_WHAT YOU HAVE TO DO_
Which of the lines below mention the word "this"? Pull each one out.

_INPUT DATA_
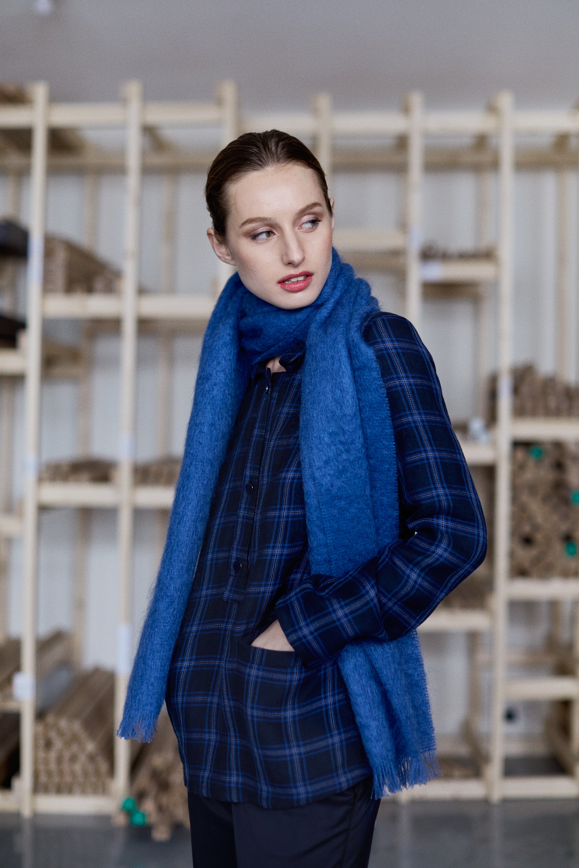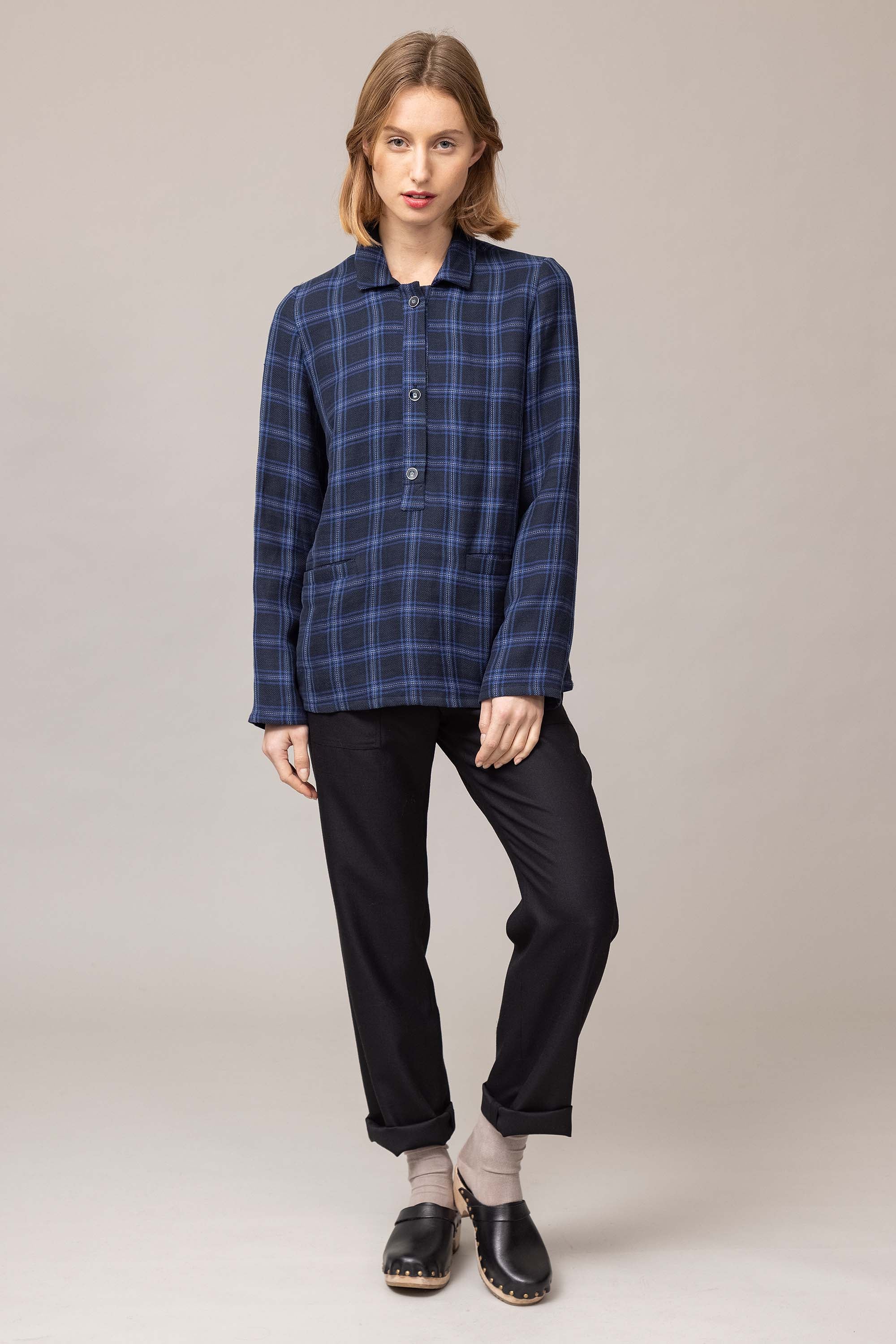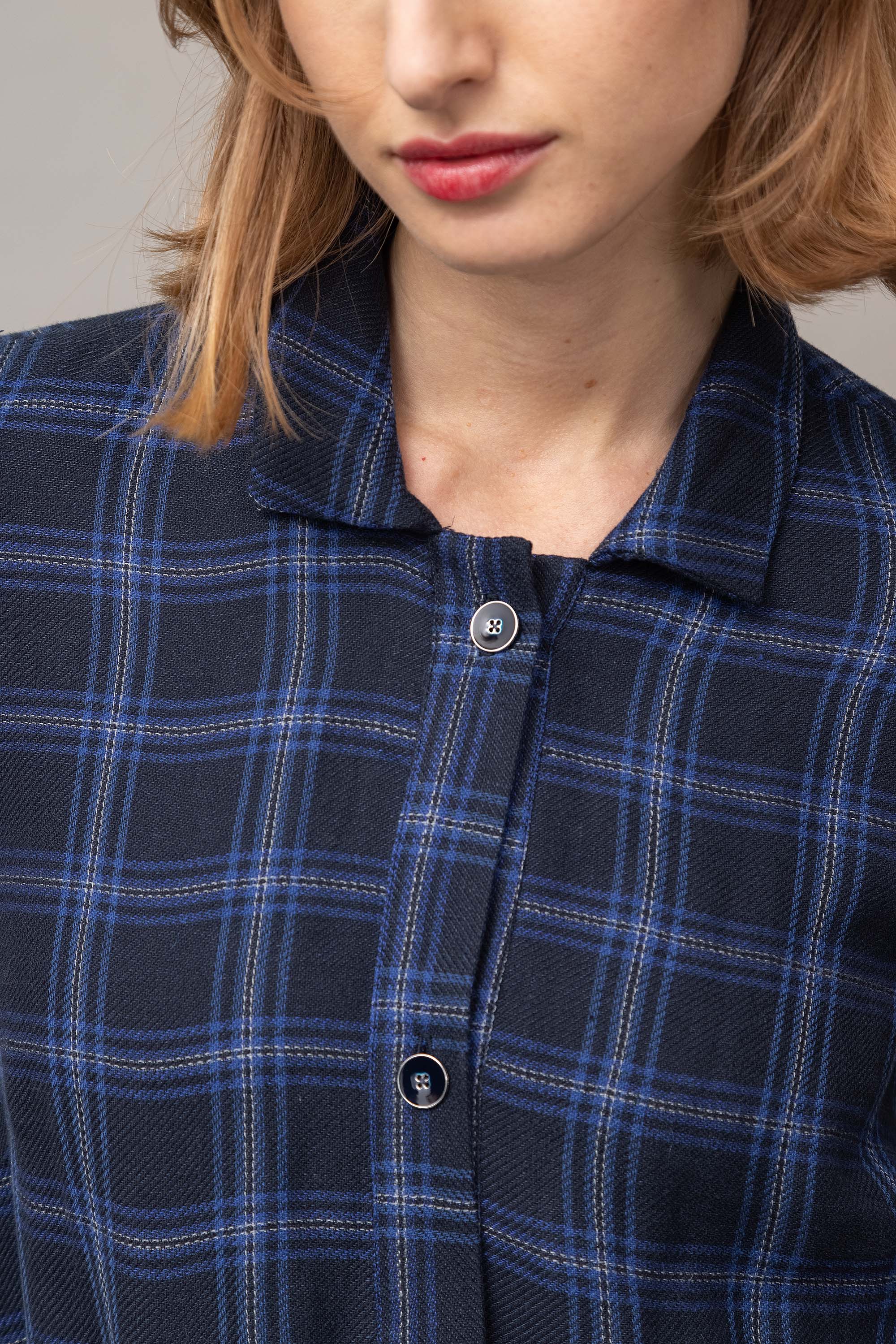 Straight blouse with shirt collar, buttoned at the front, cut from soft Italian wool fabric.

* * *

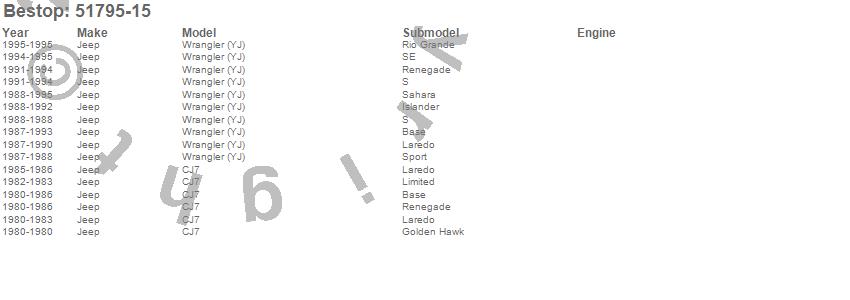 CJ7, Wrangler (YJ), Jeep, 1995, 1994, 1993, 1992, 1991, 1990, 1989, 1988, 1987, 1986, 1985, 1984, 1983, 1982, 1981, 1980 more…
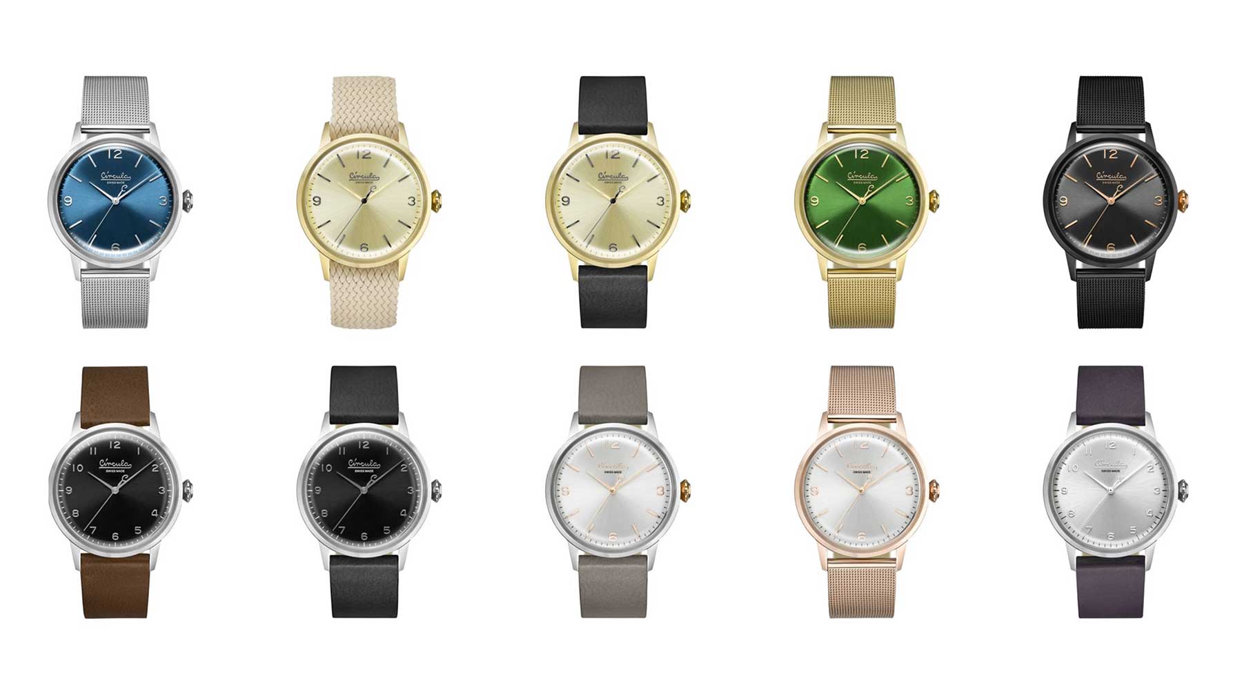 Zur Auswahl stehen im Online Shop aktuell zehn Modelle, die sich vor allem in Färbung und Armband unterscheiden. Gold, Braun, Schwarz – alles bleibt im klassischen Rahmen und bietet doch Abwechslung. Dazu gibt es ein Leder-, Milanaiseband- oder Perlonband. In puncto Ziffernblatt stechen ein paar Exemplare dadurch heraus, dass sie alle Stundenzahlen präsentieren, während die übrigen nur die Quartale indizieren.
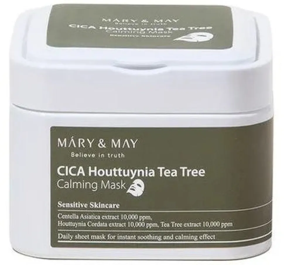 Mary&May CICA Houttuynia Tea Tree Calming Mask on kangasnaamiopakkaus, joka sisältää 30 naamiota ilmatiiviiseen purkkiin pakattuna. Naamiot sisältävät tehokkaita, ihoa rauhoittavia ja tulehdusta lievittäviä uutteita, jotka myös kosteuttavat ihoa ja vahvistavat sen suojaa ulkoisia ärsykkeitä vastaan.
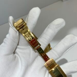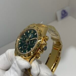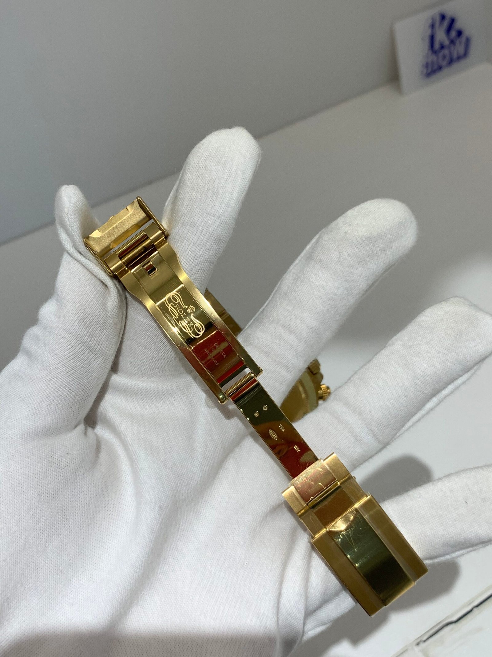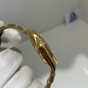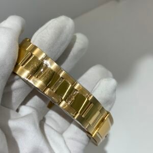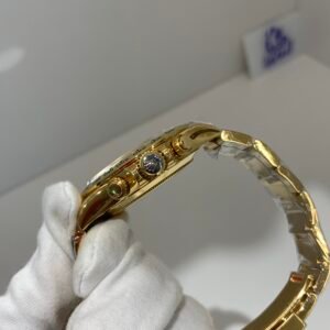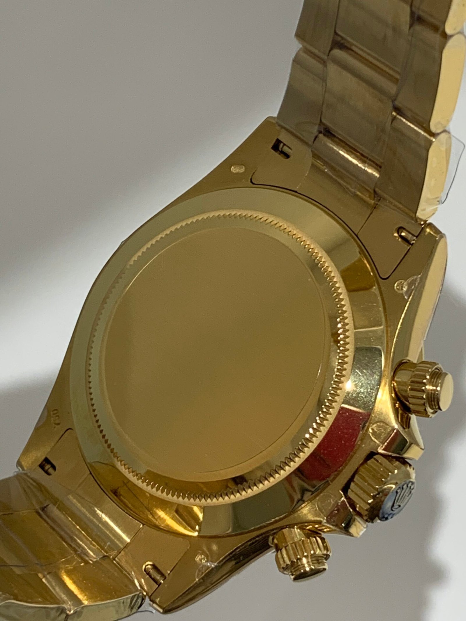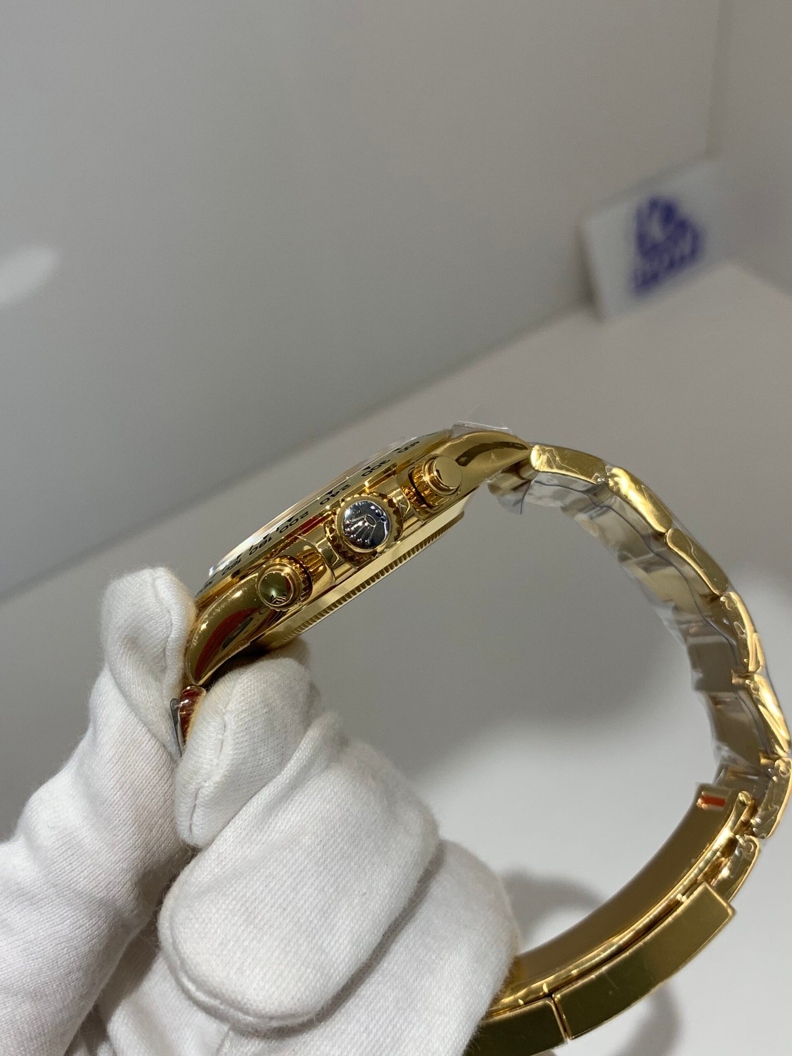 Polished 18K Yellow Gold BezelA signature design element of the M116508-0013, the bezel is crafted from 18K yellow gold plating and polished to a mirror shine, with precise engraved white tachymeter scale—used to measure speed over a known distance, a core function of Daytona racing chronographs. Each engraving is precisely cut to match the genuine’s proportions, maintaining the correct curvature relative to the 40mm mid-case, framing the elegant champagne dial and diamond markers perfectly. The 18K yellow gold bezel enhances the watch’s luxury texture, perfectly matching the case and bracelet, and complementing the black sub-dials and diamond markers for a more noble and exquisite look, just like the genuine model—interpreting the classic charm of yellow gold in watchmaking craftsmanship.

...

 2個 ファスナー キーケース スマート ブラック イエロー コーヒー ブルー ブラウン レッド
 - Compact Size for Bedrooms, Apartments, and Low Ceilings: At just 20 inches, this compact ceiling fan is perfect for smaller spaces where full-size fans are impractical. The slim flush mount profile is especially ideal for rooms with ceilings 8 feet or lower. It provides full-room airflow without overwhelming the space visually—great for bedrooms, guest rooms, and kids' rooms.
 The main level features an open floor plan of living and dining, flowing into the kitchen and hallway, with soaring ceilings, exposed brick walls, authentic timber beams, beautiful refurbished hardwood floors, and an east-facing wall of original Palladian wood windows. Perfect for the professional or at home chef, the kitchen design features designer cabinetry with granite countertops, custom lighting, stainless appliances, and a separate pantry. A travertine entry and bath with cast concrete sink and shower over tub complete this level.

_YOUR SOLUTION_
 - Compact Size for Bedrooms, Apartments, and Low Ceilings: At just 20 inches, this compact ceiling fan is perfect for smaller spaces where full-size fans are impractical. The slim flush mount profile is especially ideal for rooms with ceilings 8 feet or lower. It provides full-room airflow without overwhelming the space visually—great for bedrooms, guest rooms, and kids' rooms.
 The main level features an open floor plan of living and dining, flowing into the kitchen and hallway, with soaring ceilings, exposed brick walls, authentic timber beams, beautiful refurbished hardwood floors, and an east-facing wall of original Palladian wood windows. Perfect for the professional or at home chef, the kitchen design features designer cabinetry with granite countertops, custom lighting, stainless appliances, and a separate pantry. A travertine entry and bath with cast concrete sink and shower over tub complete this level.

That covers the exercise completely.